# What is your political affiliation?



## KingAndrew (May 8, 2015)

What is your type and political affiliation?


----------



## Im FiNe (Oct 17, 2013)

I'm an INFP living in the US. Obviously people on PerC who don't live in the US have only the _Other_ option to select...

I chose _Other_ because I don't strongly associate with enough aspects of either the Democrats or Republicans to consider myself either. I tend to be associated with what a majority consider the less agreeable aspects of either party: some of the strong morally directed and more personally restrictive Republican trends alongside the more egalitarian ends of leftist Democrats (really, more akin to Socialists). For many years I have not been able to vote for many candidates of either major party with a clear conscience. :sad:


----------



## Clyme (Jul 17, 2014)

I'm an INTJ and I tend to side more with democrats, but I haven't explored their position enough to really know. I'm from Canada and support the New Democratic Party's position the most. I took some time to briefly look over the democrat platform for the United States and I tend to agree with it, but again, I haven't explored it.
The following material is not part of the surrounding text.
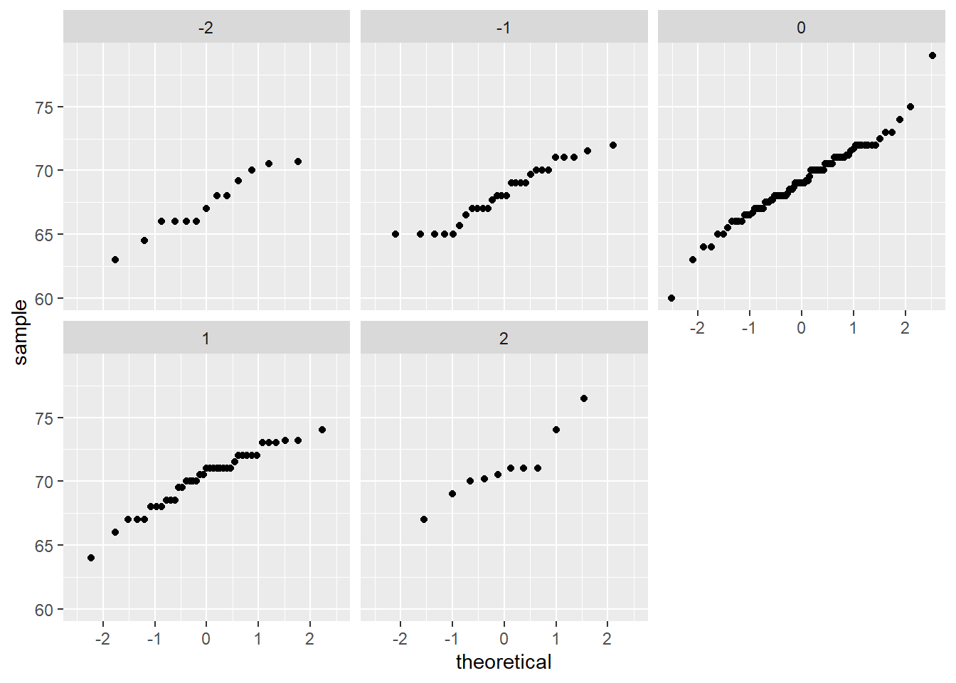 If we think the height data is well approximated by the bivariate normal distribution, then we should see the normal approximation hold for each strata. Here we stratify the son heights by the standardized father heights and see that the assumption appears to hold:

I side most with the NDP though, so if you'd like to explore their positions, that tends to be where I stand politically.


----------



## jamaix (Sep 20, 2013)

ISTJ

I usually vote republican, although I would be very happy to have something besides republican worth voting for. I am a libertarian leaning republican. I think the government has way too much control over our lives.


----------



## Doktorin Zylinder (May 10, 2015)

This poll is the grandest false dichotomy I've seen in quite some time. There are way too many assumptions being made in question. You may wish to look into the Nolan chart to expand your horizons.


----------



## VertigoH (Mar 21, 2012)

I was expecting something like this when I clicked this thread:









Very few things could be more unspecific than just "democrat" or "republican". Especially since I don't live in the US and my only opinion on your political parties is "please God not the republicans". The democrats are imo better but still not great.


----------



## SpectrumOfThought (Mar 29, 2013)

INTP. Uh, I don't know. I don't agree with either of the two parties on all issues.
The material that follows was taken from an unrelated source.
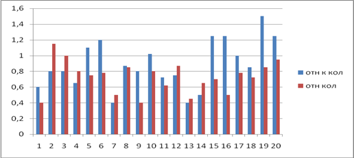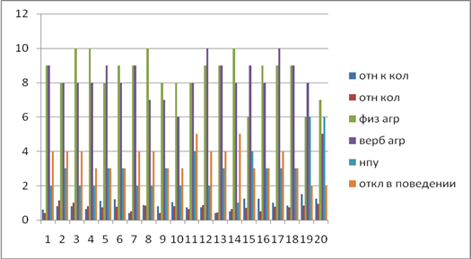 Данные распределились следующим образом. Минимальное значение признака по шкале «отношение к коллективу» равно 0,4. Военнослужащие, у которых по данной шкале именно такой балл, то можно с уверенностью говорить, что у них сильно выражено конфликтное взаимодействие с воинским коллективом. Максимальное значение равно 1,5. Военнослужащие, имеющие такой балл по данной шкале, вступают в конфликт с коллективом редко. Но говорить о полном отсутствии вероятности вступления данных военнослужащих в конфликт не приходится. Чем меньше значение по данному признаку, тем больше конфликтность. Среднее значение по данной шкале равно 0,88. Конфликтное взаимодействие, возникающее между военнослужащим и воинским коллективом, ведет к опасному виду отклоняющегося поведения - самовольному оставлению части. По данным экспертного опроса офицеров военнослужащие, имеющие самые низкие показатели по данному признаку, были замечены в совершении данного вида отклоняющегося поведения. Минимальное значение признака по шкале «отношение коллектива» равно 0,4. К военнослужащим, имеющим по данной шкале такой балл, сильно выражено конфликтное отношение со стороны воинского коллектива. Максимальное значение признака по данной шкале равно 1,15. Чем ниже показатель значения признака по данной шкале, тем хуже к данному военнослужащему относится воинский коллектив. Среднее значение по данной шкале равно 0,72. Это говорит о наличии неуставных взаимоотношений между военнослужащими. По данным экспертного опроса офицеров большинство военнослужащих экспериментальной группы характеризующихся по данной шкале были замечены в совершении данного вида отклоняющегося поведения. Если анализировать данную экспериментальную группу по дополнительным семи шкалам модульной методики, то видно, что военнослужащие, имеющие высокую конфликтность, недобросовестно относятся к своим служебным обязанностям, также обладают умеренными нравственными, физическими, организаторскими и интеллектуальными качествами, низкой работоспособностью и, как правило, мешают другим членам коллектива. Поэтому трудно говорить о дальнейшем самосовершенствовании, так как военнослужащие переключаются на более легкие и комфортные способы достижения успеха в коллективе. В дальнейшем было проведено исследование на этой же экспериментальной группе на предмет агрессивности – физической и вербальной, а так же измерен уровень нервно – психической устойчивости. Как мы уже говорили выше, конфликтность в межличностном взаимодействии предполагает некие внешние проявления, которые в своей основе имеют негативную окраску. То есть могут проявляться как в рукоприкладстве, так и в словесном оскорблении. И все это может происходить на фоне сильных переживаний, эмоциональной и психической нагрузки.

I probably lean right of center in both political and economic issues.


----------



## LenaAndersen92 (May 15, 2015)

Clyme said:


> I'm an INTJ and I tend to side more with democrats, but I haven't explored their position enough to really know. I'm from Canada and support the New Democratic Party's position the most. I took some time to briefly look over the democrat platform for the United States and I tend to agree with it, but again, I haven't explored it.
> 
> I side most with the NDP though, so if you'd like to explore their positions, that tends to be where I stand politically.
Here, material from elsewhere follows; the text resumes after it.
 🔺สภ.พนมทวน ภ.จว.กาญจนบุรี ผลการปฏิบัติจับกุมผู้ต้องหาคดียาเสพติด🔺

I'm an INFJ and my political affiliation is the same as Clyme's. I live in Canada, and for as long as I've been able to vote, I've voted for the NDP. I agree with most of their policies and I like what they stand for. I've never liked the Liberal party or the Conservative party. I'm guessing NDP shares some of the values that the Democrats have, so I'll go with Democrats.


----------



## JTHearts (Aug 6, 2013)

ESFJ, Republican. Neoconservative to be exact. So think John McCain, Jeb Bush, Lindsey Graham, etc. I am 100% completely against legalizing marijuana.


----------



## Mair (Feb 17, 2014)

I'm not from the US so "Democrat" and "Republican" mean nothing to me. 
I'm a right wing nationalist but progressive when it comes to some social issues (I support gay marriage and legalization of marijuana).


----------



## Doktorin Zylinder (May 10, 2015)

As South Park put it: it's always between a giant douche and a turd sandwich. 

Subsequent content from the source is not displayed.